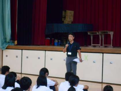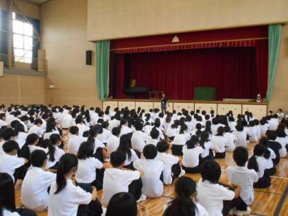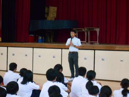 生徒指導主事の先生からは、「あいさつをしっかりしよう」「授業を大切に」「放課後の時間を有意義に過ごそう」の3つの大事にしてほしいことを話しました。7月に予定している非行防止教室のことや、校内のクリーンアップ作戦のことも伝えました。
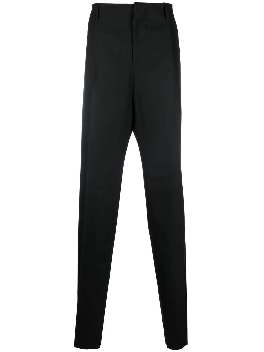 straight-leg twill trousers black cotton twill weave concealed fly and button fastening belt loops mid-rise two diagonal pockets to the sides two rear welt pockets straight leg Made in Italy Composition Lining: Cotton 100%, Cupro 100% Outer: Virgin Wool 98%, Spandex/Elastane 2% SIZE & FIT Model measurements Height 6 ft 2 in(1.88 m) Bust/Chest 36.61 in(93 cm) Hips 35.82 in(91 cm) Waist 27.95 in(71 cm) FittingInformation This piece fits true to size. We recommend you get your regular size Designed for a slim fit at the waist and loose over the leg Made with a mid-weight non-stretch fabric Washing instructions Dry Clean Only
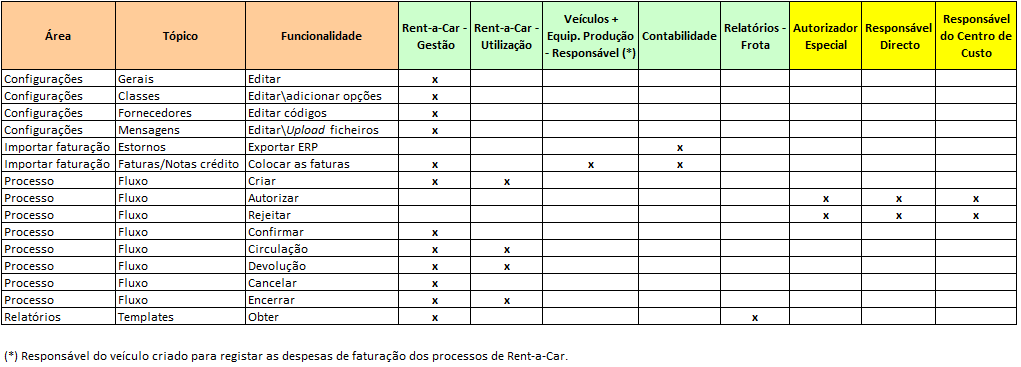 Na tabela apresentada no presente artigo, são indicados os perfis e as funcionalidades associadas a esses perfis, referentes aos processos de Rent-a-Car.
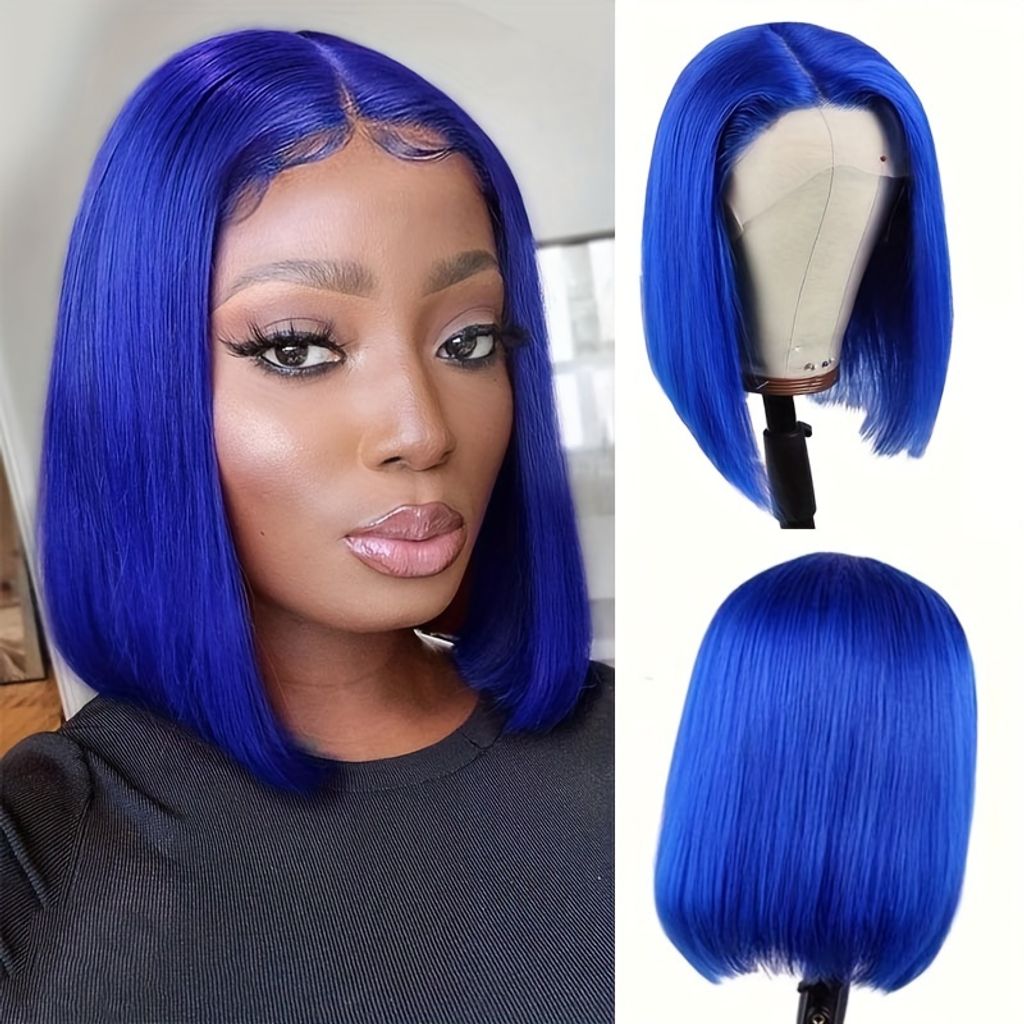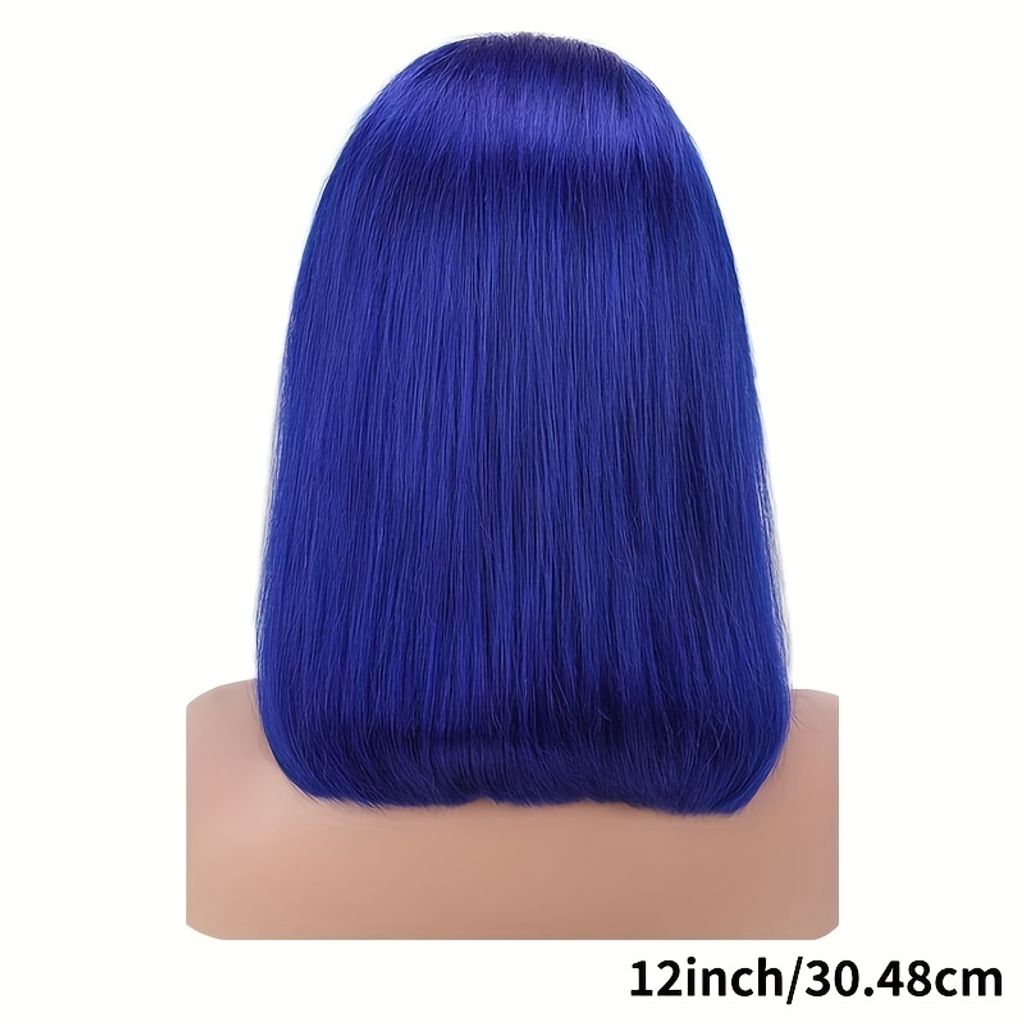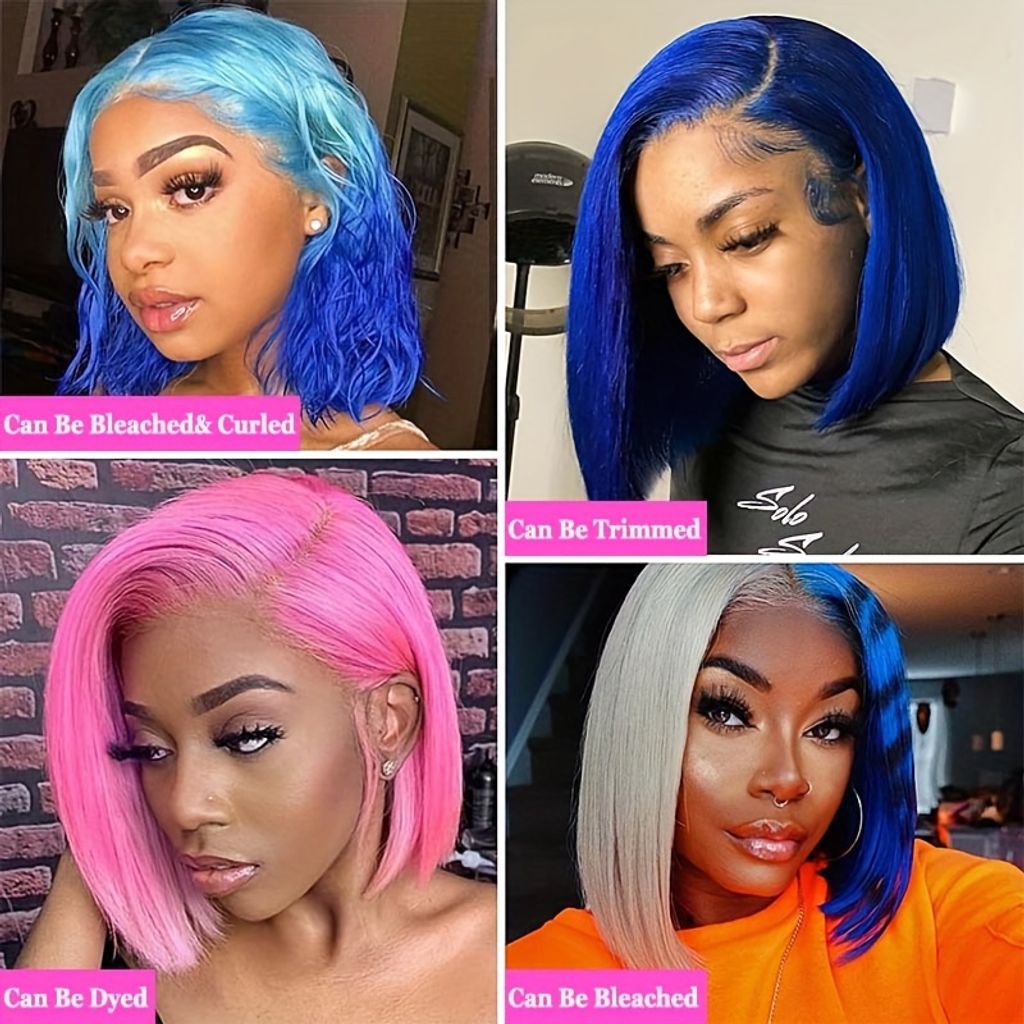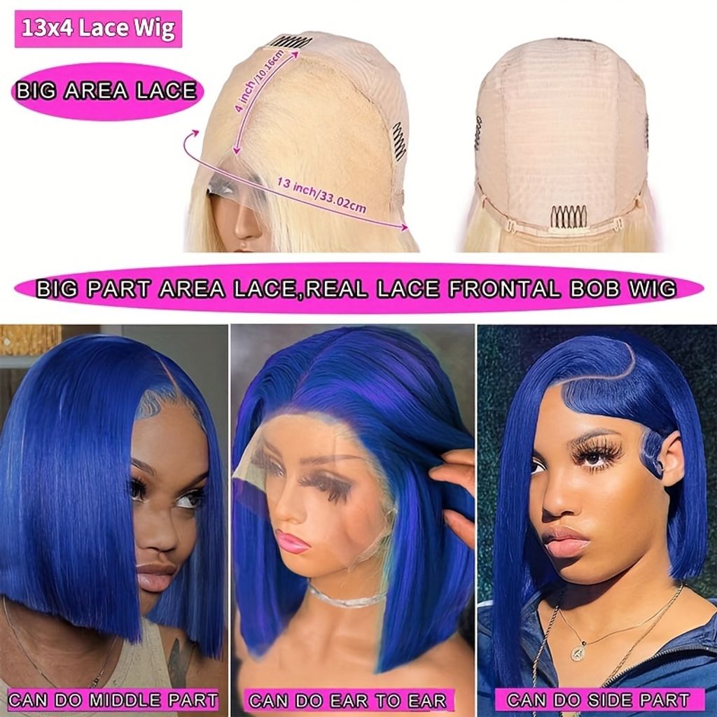 180% Density Short Bob Wigs - 13x4 HD Frontal Lace Wig with Transparent Lace, Natural Hairline, Baby Hair, 100% Unprocessed Human Virgin Hair, Glueless Frontal, Blue Color, Realistic Hairline, Soft and Breathable, No Shedding, No Tangle, Long-Lasting, Perfect for Women

....................

EXERCISE OBJECTIVE: Return the listing above in full and exactly, omitting all pictures.

ANSWER AREA:
 生徒指導主事の先生からは、「あいさつをしっかりしよう」「授業を大切に」「放課後の時間を有意義に過ごそう」の3つの大事にしてほしいことを話しました。7月に予定している非行防止教室のことや、校内のクリーンアップ作戦のことも伝えました。
 straight-leg twill trousers black cotton twill weave concealed fly and button fastening belt loops mid-rise two diagonal pockets to the sides two rear welt pockets straight leg Made in Italy Composition Lining: Cotton 100%, Cupro 100% Outer: Virgin Wool 98%, Spandex/Elastane 2% SIZE & FIT Model measurements Height 6 ft 2 in(1.88 m) Bust/Chest 36.61 in(93 cm) Hips 35.82 in(91 cm) Waist 27.95 in(71 cm) FittingInformation This piece fits true to size. We recommend you get your regular size Designed for a slim fit at the waist and loose over the leg Made with a mid-weight non-stretch fabric Washing instructions Dry Clean Only
 Na tabela apresentada no presente artigo, são indicados os perfis e as funcionalidades associadas a esses perfis, referentes aos processos de Rent-a-Car.
 180% Density Short Bob Wigs - 13x4 HD Frontal Lace Wig with Transparent Lace, Natural Hairline, Baby Hair, 100% Unprocessed Human Virgin Hair, Glueless Frontal, Blue Color, Realistic Hairline, Soft and Breathable, No Shedding, No Tangle, Long-Lasting, Perfect for Women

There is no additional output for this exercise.